2. The video encoding apparatus according to claim 1, wherein the initial ROI is a fixed window, and the one or more dynamic ROIs are dynamically-varying areas determined by shapes of the ROI objects.

3. The video encoding apparatus according to claim 1, wherein each of the ROI objects appears in the initial ROI within the current video frame or in the initial ROI of at least one video frame in the sequential video frames before the current video frame.

4. The video encoding apparatus according to claim 3, wherein the one or more ROI objects comprises one or more of:

at least one ROI object initially appearing in the initial ROI and staying in the initial ROI;

at least one ROI object initially appearing in the initial ROI and leaving the initial ROI;

at least one ROI object initially not appearing in the initial ROI, but entering and staying in the initial ROI; and

at least one ROI object initially not appearing in the initial ROI but passing through the initial ROI.

5. The video encoding apparatus according to claim 1, wherein in the operation of reusing the encoding information generated by the video encoding operation to generate the one or more dynamic ROIs for tracking the ROI objects, the ROI determination circuit generates mark information for marking respective positions of the one or more dynamic ROIs based on the encoding information.

6. The video encoding apparatus according to claim 1, wherein the encoding circuit performs the video encoding operation on the one or more dynamic ROIs in the current video frame by using a first encoding strategy and performs the video encoding operation on other regions in the current video frame by using a second encoding strategy, wherein video quality corresponding to the first encoding strategy is more preferable or higher than video quality corresponding to the second encoding strategy.

7. The video encoding apparatus according to claim 1, wherein the encoding information comprises one or a plurality of texture information of largest coding unit, coding unit depth information, prediction unit size information, transform unit size information, motion vector information and advanced motion vector prediction information.

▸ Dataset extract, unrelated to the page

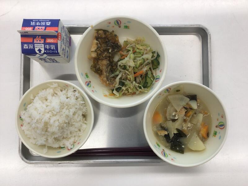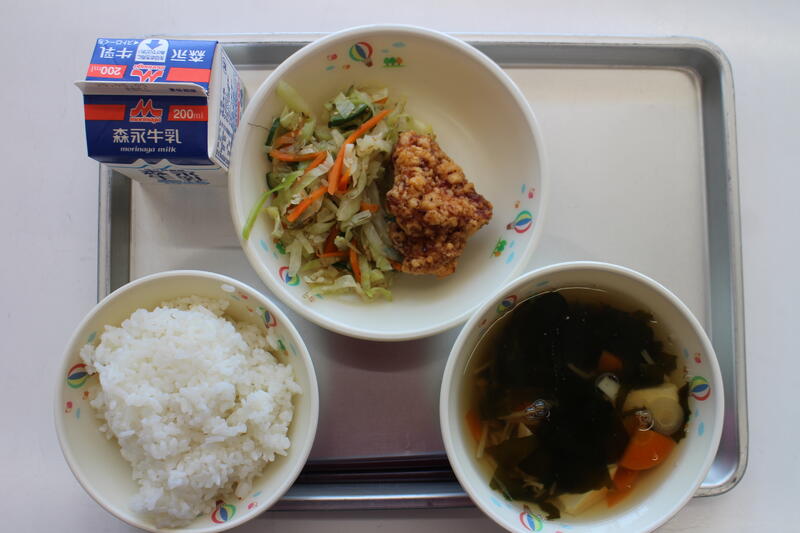 本日の献立は、むぎごはん、とうふのすましじる、とりのからあげ、こんぶのさっぱりあえでした。

8. The video encoding apparatus according to claim 1, wherein the ROI determination circuit comprises:

a marking circuit, configured to mark a coding unit (CU) of the one or more dynamic ROIs according to the encoding information, so as to generate mark information for marking respective positions of the one or more dynamic ROIs for the ROI objects based on the encoding information.

9. The video encoding apparatus according to claim 8, wherein the encoding circuit comprises:

a partition circuit, configured to perform a video partition operation on the original video frame to generate the at least one encoding information to the marking circuit; and

a coding circuit, coupled to the marking circuit to receive the mark information, and configured to adjust at least one parameter according to the mark information and perform a coding operation according to the at least one parameter to generate the encoded video frame.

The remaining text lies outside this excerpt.